The University of Arizona

Events & News

CS Colloquium

DateThursday, September 29, 2016
Time11:00 am
Concludes12:15 pm
LocationGould-Simpson 906
DetailsPlease join us for coffee and light refreshments at 10:45am, Gould-Simpson, 9th Floor Atrium

Faculty Host: Dr. Joshua Levine
SpeakerMatt Berger
AffiliationAir Force Research Laboratory

Exploring Document Collections through Document Usage

As document collections grow in size and diversity, the visual exploration of documents becomes essential for the understanding of general themes, the comparison of documents, and discovery of documents of interest. Document exploration is traditionally driven by a data representation that is characterized by a document’s contents, i.e. the collection of words in a document. In this talk I will introduce a different perspective on document exploration: rather than visualize documents via what they are, we propose a technique to explore documents via how they are commonly used. Document usage can serve as a rich data representation, for instance in scientific literature, documents tend to be used for the purposes of datasets, evaluation methodologies, surveys, code, or experimental comparisons. We capture usage of a document through how it is cited by others in a document collection, and use this to obtain a joint representation of words and documents in a high-dimensional space where a word’s proximity to a document reflects the document’s citation context. We show how to use this embedding for interactively steering a 2D document projection through user-defined concepts, specified as arbitrary phrases, existing documents, or document:phrase analogies. We use a large corpus of documents from the computer vision domain to showcase the effectiveness of our technique for exploring document usage across a wide variety of concepts.

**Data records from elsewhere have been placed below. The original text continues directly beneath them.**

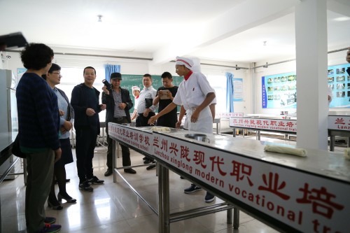 在蘭州興隴現代職業培訓學校校長梁順儉的陪同下,曲學云副巡視員一行參觀了中國蘭州牛肉拉面體驗工坊、蘭州興隴現代職業培訓學校、鑫味德蘭州牛肉拉面調味品加工廠、蘭州牛肉拉面實訓操作室、蘭州牛肉拉面產業創客孵化園等。參觀的同時,梁校長詳細的向考察團介紹了培訓基地的建設、教學、就業以及蘭州牛肉拉面文化等,考察團一行對學校的建設、教學以及少數民族特色技能培訓等工作給予了肯定和贊賞。
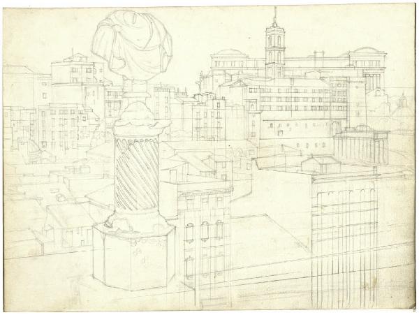 Roma. Veduta del Monte Capitolino dagli Orti Farnesiani (disegno preparatorio l'acquaforte)
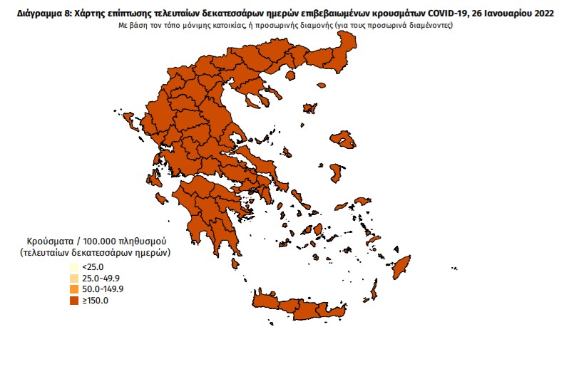 Οι νέοι θάνατοι ασθενών με COVID-19 είναι 115, ενώ από την έναρξη της επιδημίας έχουν καταγραφεί συνολικά 22.970 θάνατοι. Το 95.0% είχε υποκείμενο νόσημα ή/και ηλικία 70 ετών και άνω.
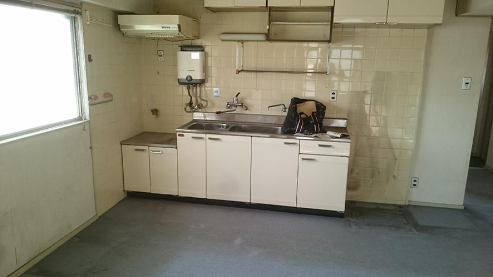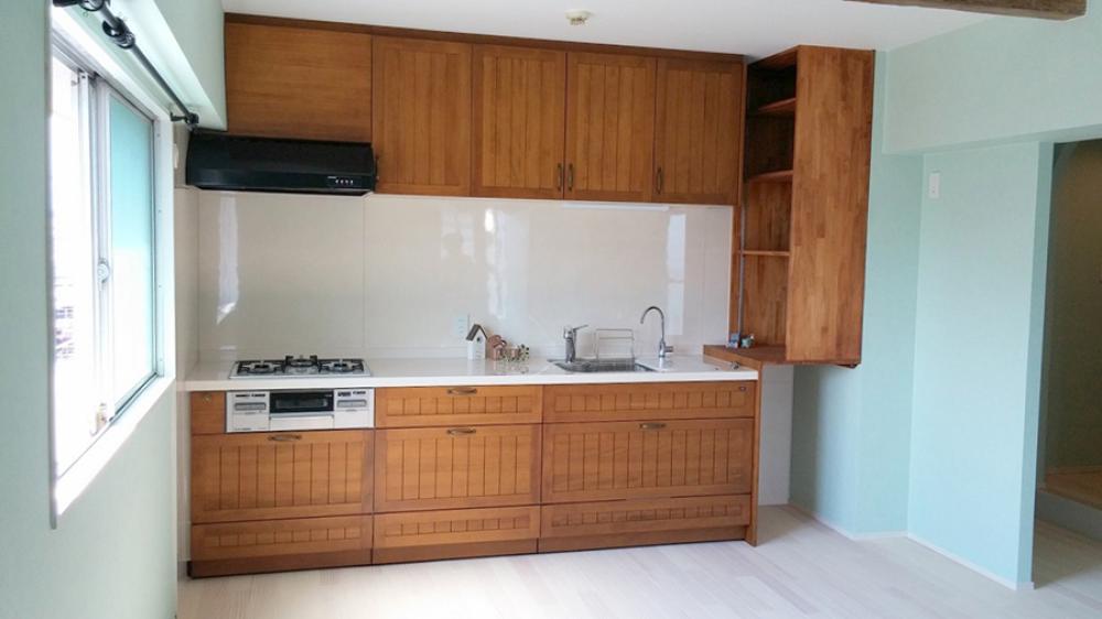 L型キッチンで収納たっぷり。 和室の畳をフローリングに!
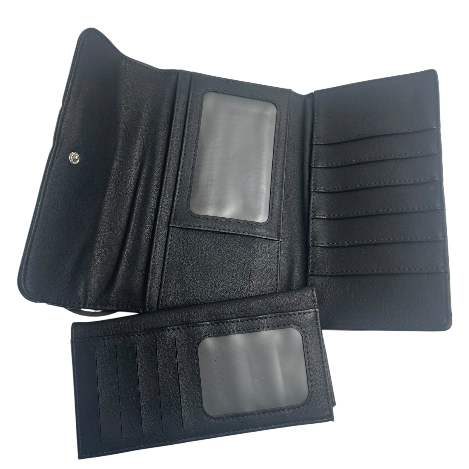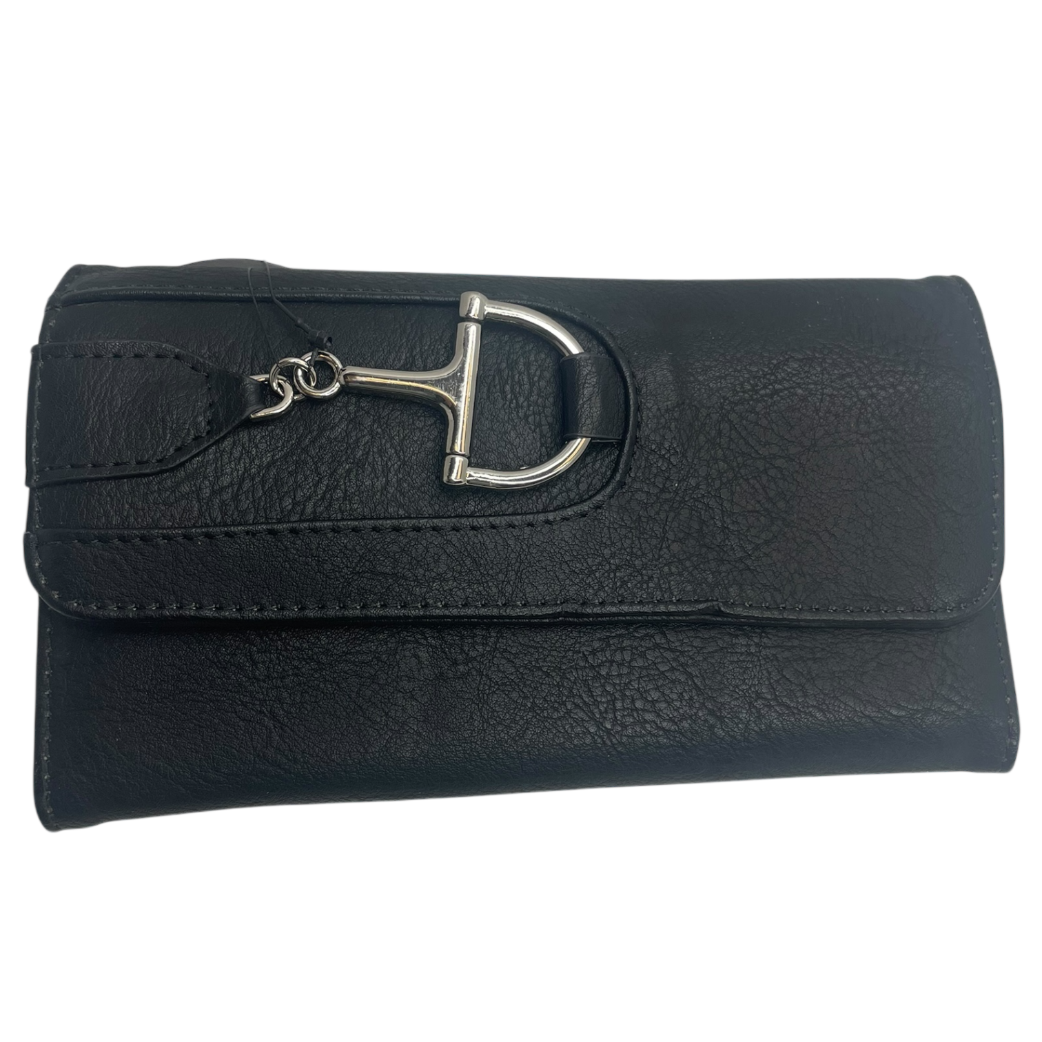 CONSIGNMENT AWST International Clutch Wallet. Black with silver bit design, outside pocket, 6 card slots, removable checkbook insert.
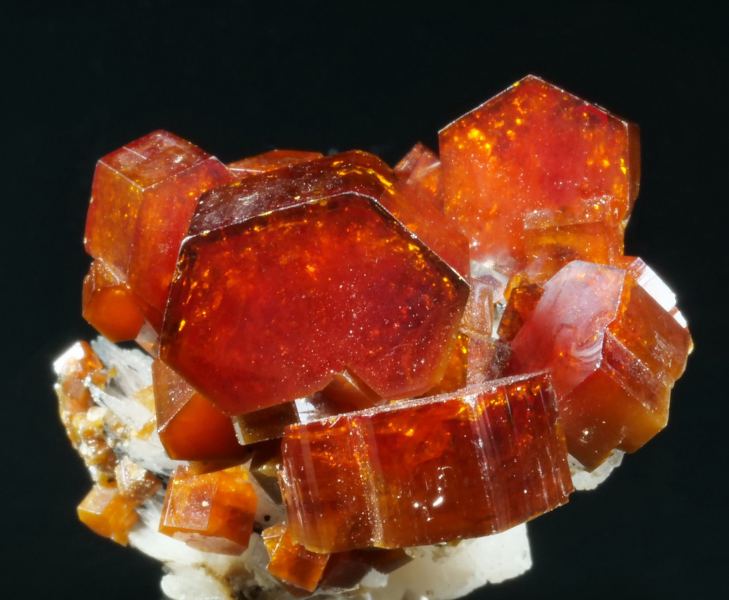 Sublime crystals of dark red Vanadinite on white gray Baryte from Morocco.
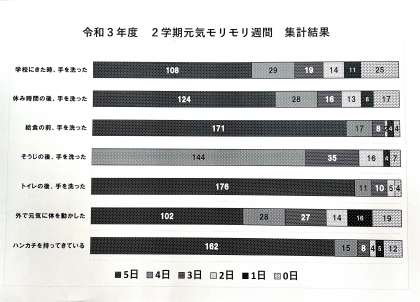 2学期の元気モリモリ週間の集計結果が出ました。全体的には手洗いの習慣は身について来ていますが、場面で見てみると「学校に来た時」に毎日手洗いができている児童は52.4%しかおらず、習慣化できている児童はまだまだ少ない状況でした。また、「外で元気に遊んだ」の項目では、毎日外で遊べている児童は49.5%で、寒くなるにつれて外で遊ぶ児童も少なくなっている状況です。コロナやインフルエンザなどの感染症にかからないためにも、毎日の手洗いの習慣を身に付け、外遊びなどで体を動かし、丈夫でたくましい体を作ってほしいと思います。
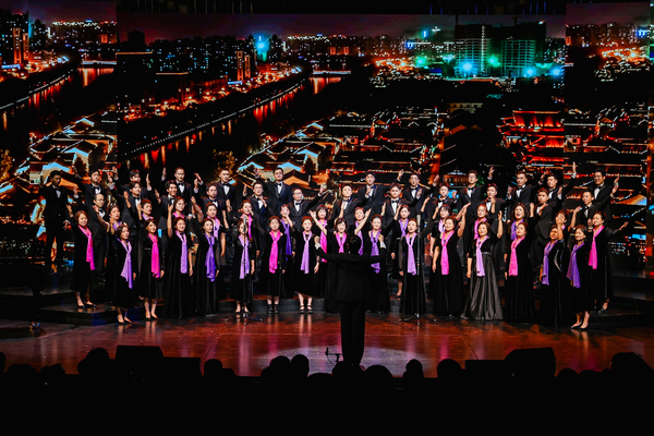 浙江工业大学潮声合唱团演绎的《为祖国歌唱》,以澎湃的声音抒发了在浙江这片热土上,广大教育工作者以知识哺育心灵,以责任浇灌未来的赤子情怀。

Matthew Berger is a Computer Scientist with the Air Force Research Laboratory. He obtained his PhD in 2013 from the University of Utah, focusing on various problems in geometry processing. His current research interests are in machine learning and computer vision, considering such topics as subspace learning and tracking from missing data, perceptual similarity learning from relative feedback, as well as image and text representation learning, with applications towards background estimation in video, identification of swarm behaviors, zero shot learning, and RF estimation from images via deeply learned features.